Do you have proof that religious experiences are natural phenomena?

Comment by Loren Miller on July 15, 2014 at 9:08am

@Luara

I would say that depends on what they DO with their religious / numinous experiences.  If they want to claim that they are a demonstration of extraordinary knowledge which sets that person apart, it's time for the 46-extra-long coat with the wrap-around and buckled sleeves with matching rubber room.  If, on the other hand, they state that it was a personal experience which demonstrates some of the amazing abilities the human body can produce, but is personal and has no necessary impact on others, I'd say that person has a fair grasp of the situation.

During my tenure with the Transcendental Meditation organization, I had some experiences which were genuine jaw-droppers, experiences which at least in some cases were predicted by the teachings of the technique and shared by some though not all others.  I couldn't have manufactured these experiences if I tried, and in many cases, the experience came on me unannounced and unanticipated, totally spontaneously.  My attribution of the causation of those experiences was my continued practice of the TM technique, full stop, and I continued to live my life and do my work as an audio engineer with the organization until I left in December of 1977.

The fact is that numinous experiences are not the exclusive province of any one religion, that they are part of humanity's inherent makeup and as such are accessible to most if not all of humankind, possibly depending on personal neuro-physiological characteristics.  If we're to understand these events, we must first separate them from the belief systems which feed on them and make unsubstantiated claims based on them and recognize that they are NATURAL PHENOMENA ... then study them as such.

Comment by Michael Penn on July 15, 2014 at 9:00am

OK, then god is always a big negative, and I give up here.

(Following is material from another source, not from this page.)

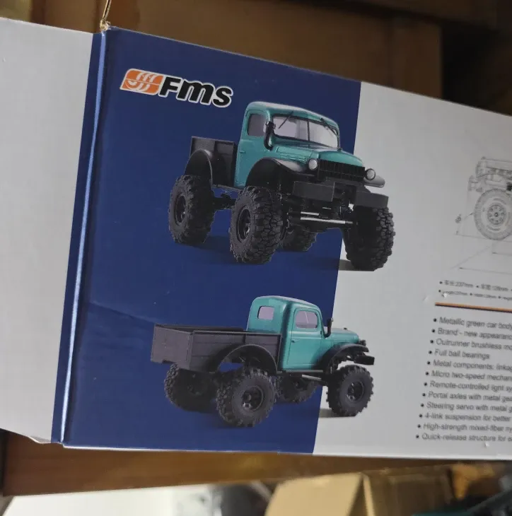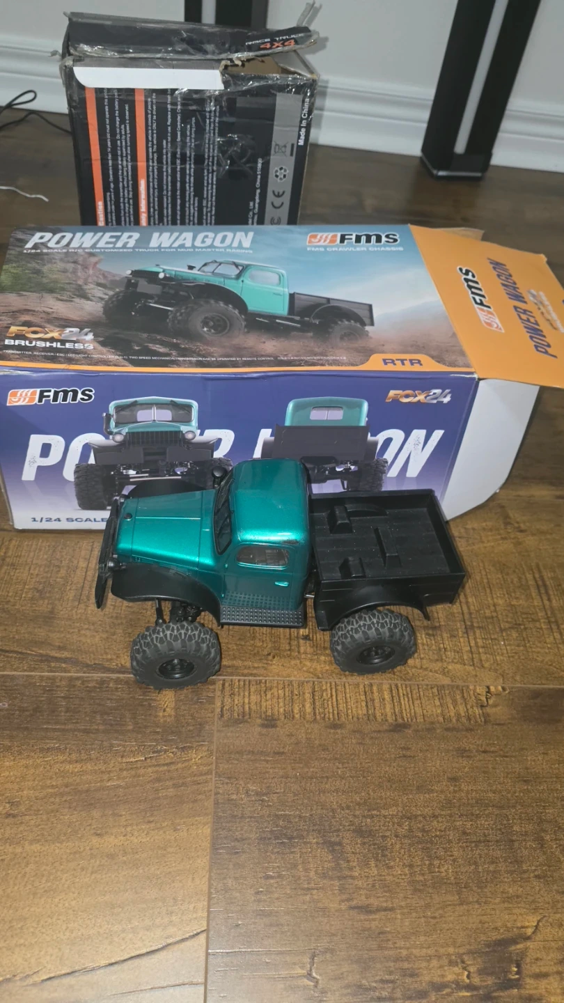It's an FMS Power Wagon remote-controlled truck in metallic green. This 1/24 scale model features a brushless motor and is ready to run (RTR). Metal components and high-strength mixed-fiber chassis are included.

Have it your way, but readers will see what I was trying to say.

You must understand that in my world I don't deal with things like A, B, and C --going on into X and Y with claims that if one of them was this or that, then you have to believe a certain thing. Some discussions here get into things like that and go on and on forever until the poster finally says he is not talking about reality --just a possibility. You can check that out in Tony's blog "Free Will (Sam Harris." I don't discuss "Neverland" but I will discuss logic on every day terms.

Not talking about reality -- just a possibility. That's hot air!

Apophatic christianity avoids making positive claims about god. OK, let's tell the truth. God is a negative and therfore imaginary. That's my viewpoint until the blog we are in is changed to read "Apophatic Chrisitanity."

Comment by Luara on July 15, 2014 at 8:50am

Mystical and religious experiences are nothing but delusion unless you understand your own mind because no experiences outside of the natural can occur.

Suppose someone does not attribute their religious experience to a supernatural entity.  Are they still delusional and unfit for public office?